Another thing that has happened since I last blogged is that Corey  came round for a cup of tea. I actually went to the length of making and sharing my own quote meme warning women not to get zombied (when they reappear from the dead after ghosting) on Halloween and lo and behold, that is exactly the night that Corey reappeared from his moldy grave. Turns out that he lives at the end of the next road from mine. I unblocked him a while ago, and he had been messaging sporadically for a few weeks after noticing that he was unblocked. I messaged him on Halloween weekend, a few days before Halloween, I was out and I was in a drunken stupor. So much so, that when I returned home and couldn’t open my front door I became convinced that someone had broken into my house and changed the locks while I was out. I called my mates for help, I nearly called the Police, but about 10 minutes later I figured out that I was using the wrong key and managed to get in. I messaged him at about 3am, some hey stranger nonsense, and he didn’t reply until the next day. We spoke and established how close we lived and he said he would come over on Tuesday. I didn’t hold my breath but the Halloween zombie vibes must have been strong because he was true to his word.

He looked hot, although I have realised that he is really not very good looking, he is very attractive to me but if you saw him you would probably laugh.  I have always fancied him though, but this time there was no mad chemistry. We get on well, we know a lot of the same people so we never run out of things to talk about. We chilled, chatted, and caught up but I didn’t feel a spark, or any urge to jump on him. He was here for a few hours and he left without anything happening. No kissing, except a longish peck on the lips as he was leaving. I just feel pretty MEH about him. There are no feelings, no desires, he was just someone to hang out with. He knows about the page, he doesn’t know the name though, and I told him about the Insta live group chats, he said that he wanted to do an Insta live with me but it was too late to do it by the time we got on to discussing it and so he said he would come over a few days later.

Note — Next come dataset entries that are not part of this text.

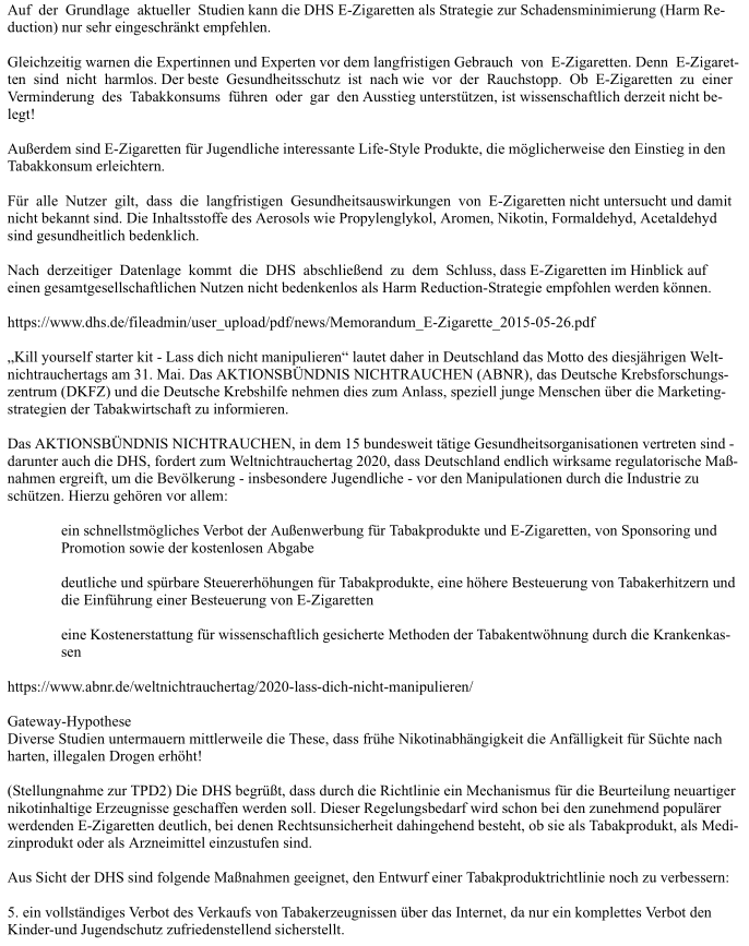 Die DHS ist Mitglied beim ABNR, DEM ANTZ-Bündnis, dass sich unter der Leitung von Monika der Bekämpfung des E-Dampfens verschrieben hat und die widerwärtige Propagandaaktion anlässlich des Weltnichtrauchertages 2020 ins Leben gerufen hat…
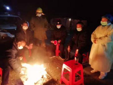 1月30日晚上,天寒地冻,高城镇公路劝返点工作人员仍在公路旁值班值守,利用炭火取暖。(包玲玲)
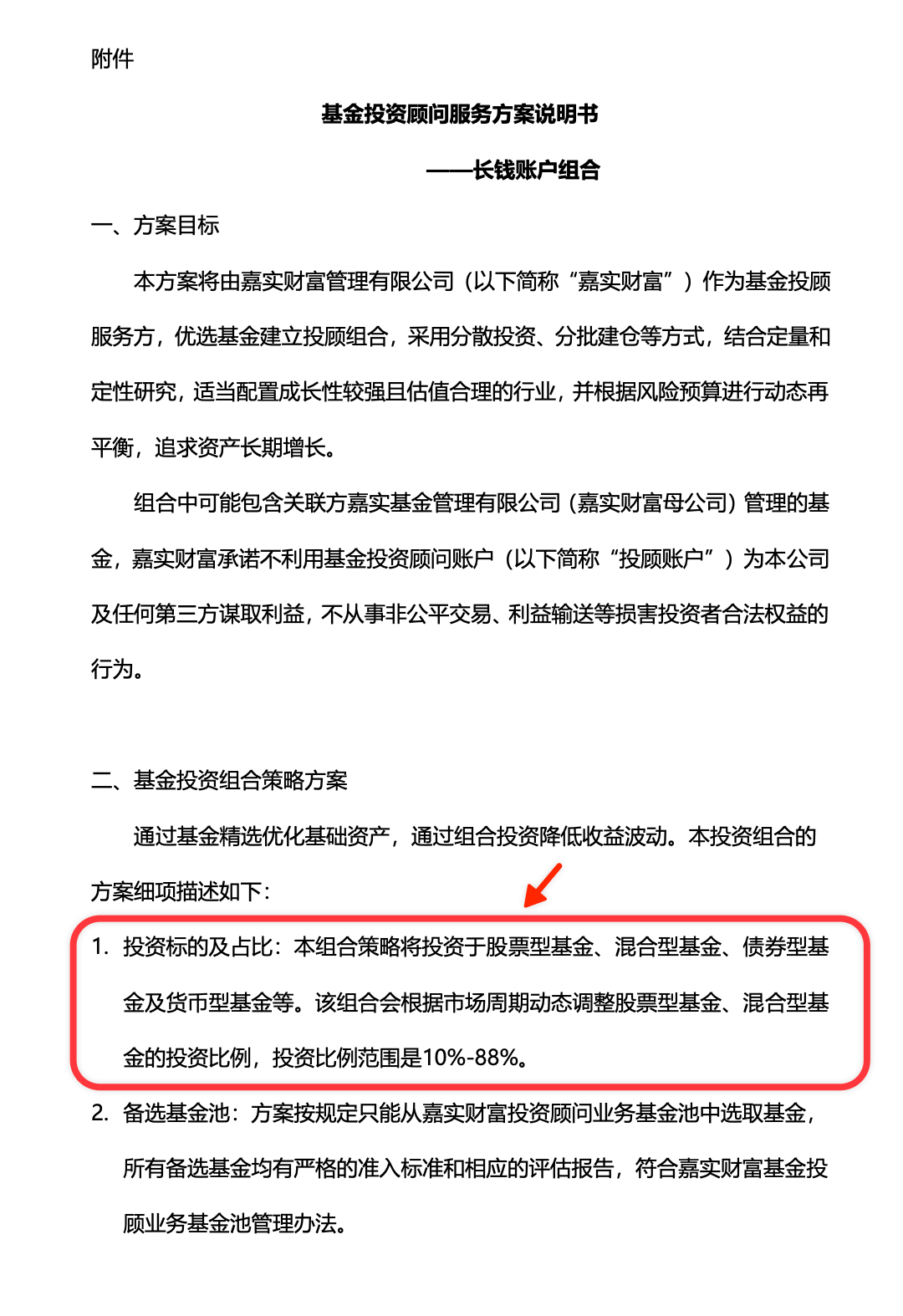 长钱账户的投入流程里,你可能很少点开过《投资组合策略方案说明书》。(图一)在策略方案一节中,长钱账户就写明了它的核心框架:

He messaged in the week and it was all arranged for Sunday, but of course, in typical Corey style, he didn’t get in touch for the whole of Sunday. I did an Insta live on the Sunday anyway and he messaged during the show and said ‘Corey is in the house’ but he wasn’t available until later, and it was already late so we rescheduled for the next day. I messaged him in the morning asking if he would be coming. At about 9pm he text me and said ‘I’m going to call you in 10 minutes, just finishing up at work’. Sadly, I think Corey might have fallen into one of his comas because I have not heard from him since. A coma is the only explanation. I wish I could convey to you how little I care. I used to care when Corey pulled these kind of moves, but that was because I actually made plans around him, shaved my legs, expected to see him, now I do not expect to see him, and I am not at all bothered whether I do or not. He doesn’t interest me, his flakiness his off putting, it’s very disrespectful to play with someone’s time like that, but I don’t take it as a disrespect from him anymore, it doesn’t hurt me, I take it as him being a massive weirdo. Which is exactly what he is. A hot weirdo. A hot dog if you like.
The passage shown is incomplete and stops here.